Task goal | Extract every line between the one with "составляющая затрат на" and the end of the entries, both included, word for word and free of pictures.

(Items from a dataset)
- Opening Delimiter -

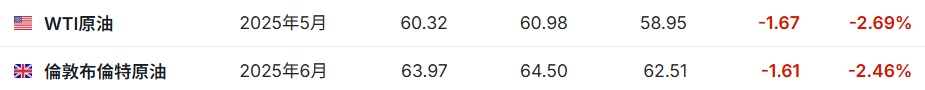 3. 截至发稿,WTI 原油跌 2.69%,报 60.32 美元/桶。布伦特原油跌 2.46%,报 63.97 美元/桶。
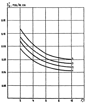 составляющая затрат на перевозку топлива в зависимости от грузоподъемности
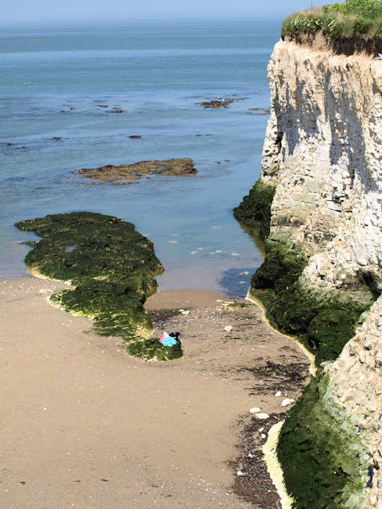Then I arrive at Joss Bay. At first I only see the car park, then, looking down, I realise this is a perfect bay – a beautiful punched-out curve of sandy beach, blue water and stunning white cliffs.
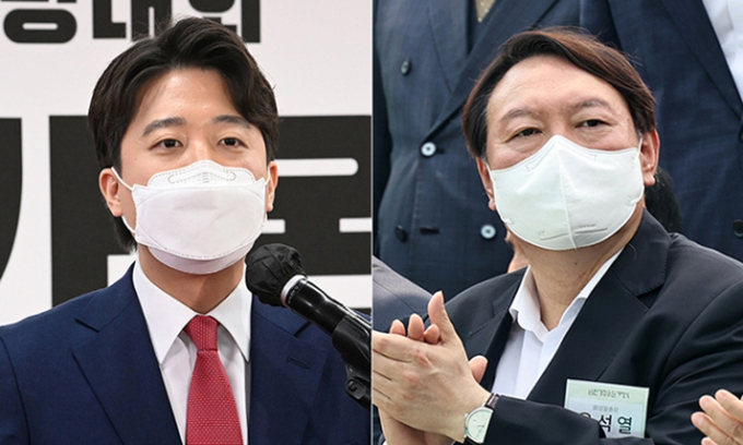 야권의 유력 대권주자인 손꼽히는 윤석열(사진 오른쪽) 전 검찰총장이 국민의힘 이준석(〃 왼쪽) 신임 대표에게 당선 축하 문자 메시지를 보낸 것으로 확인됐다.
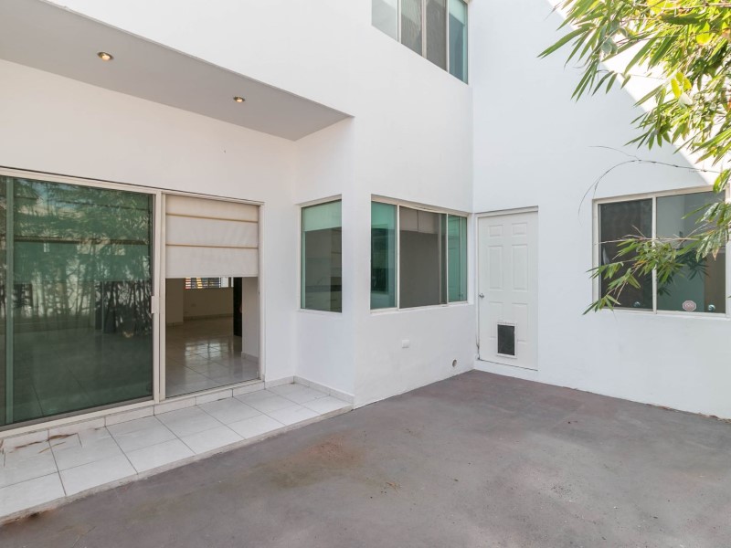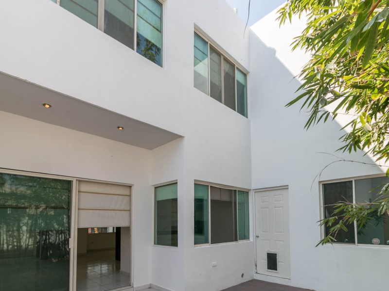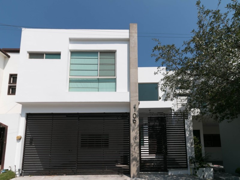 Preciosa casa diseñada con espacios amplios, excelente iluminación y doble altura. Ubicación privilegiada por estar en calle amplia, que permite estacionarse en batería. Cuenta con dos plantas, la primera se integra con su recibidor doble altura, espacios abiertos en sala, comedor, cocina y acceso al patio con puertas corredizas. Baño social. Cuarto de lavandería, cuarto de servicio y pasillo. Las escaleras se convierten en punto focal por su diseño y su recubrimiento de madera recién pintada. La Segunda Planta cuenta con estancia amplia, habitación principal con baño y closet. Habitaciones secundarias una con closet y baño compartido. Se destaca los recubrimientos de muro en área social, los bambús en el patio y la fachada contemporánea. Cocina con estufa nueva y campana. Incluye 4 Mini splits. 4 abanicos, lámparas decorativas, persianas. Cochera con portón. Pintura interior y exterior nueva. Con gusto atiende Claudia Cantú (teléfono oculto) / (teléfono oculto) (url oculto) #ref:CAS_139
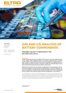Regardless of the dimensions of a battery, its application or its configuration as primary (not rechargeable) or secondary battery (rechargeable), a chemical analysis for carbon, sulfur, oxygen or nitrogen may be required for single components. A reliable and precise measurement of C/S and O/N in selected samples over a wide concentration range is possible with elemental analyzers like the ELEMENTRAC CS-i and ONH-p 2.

- Closing Delimiter -

Output |
 составляющая затрат на перевозку топлива в зависимости от грузоподъемности
Then I arrive at Joss Bay. At first I only see the car park, then, looking down, I realise this is a perfect bay – a beautiful punched-out curve of sandy beach, blue water and stunning white cliffs.
 야권의 유력 대권주자인 손꼽히는 윤석열(사진 오른쪽) 전 검찰총장이 국민의힘 이준석(〃 왼쪽) 신임 대표에게 당선 축하 문자 메시지를 보낸 것으로 확인됐다.
 Preciosa casa diseñada con espacios amplios, excelente iluminación y doble altura. Ubicación privilegiada por estar en calle amplia, que permite estacionarse en batería. Cuenta con dos plantas, la primera se integra con su recibidor doble altura, espacios abiertos en sala, comedor, cocina y acceso al patio con puertas corredizas. Baño social. Cuarto de lavandería, cuarto de servicio y pasillo. Las escaleras se convierten en punto focal por su diseño y su recubrimiento de madera recién pintada. La Segunda Planta cuenta con estancia amplia, habitación principal con baño y closet. Habitaciones secundarias una con closet y baño compartido. Se destaca los recubrimientos de muro en área social, los bambús en el patio y la fachada contemporánea. Cocina con estufa nueva y campana. Incluye 4 Mini splits. 4 abanicos, lámparas decorativas, persianas. Cochera con portón. Pintura interior y exterior nueva. Con gusto atiende Claudia Cantú (teléfono oculto) / (teléfono oculto) (url oculto) #ref:CAS_139
Regardless of the dimensions of a battery, its application or its configuration as primary (not rechargeable) or secondary battery (rechargeable), a chemical analysis for carbon, sulfur, oxygen or nitrogen may be required for single components. A reliable and precise measurement of C/S and O/N in selected samples over a wide concentration range is possible with elemental analyzers like the ELEMENTRAC CS-i and ONH-p 2.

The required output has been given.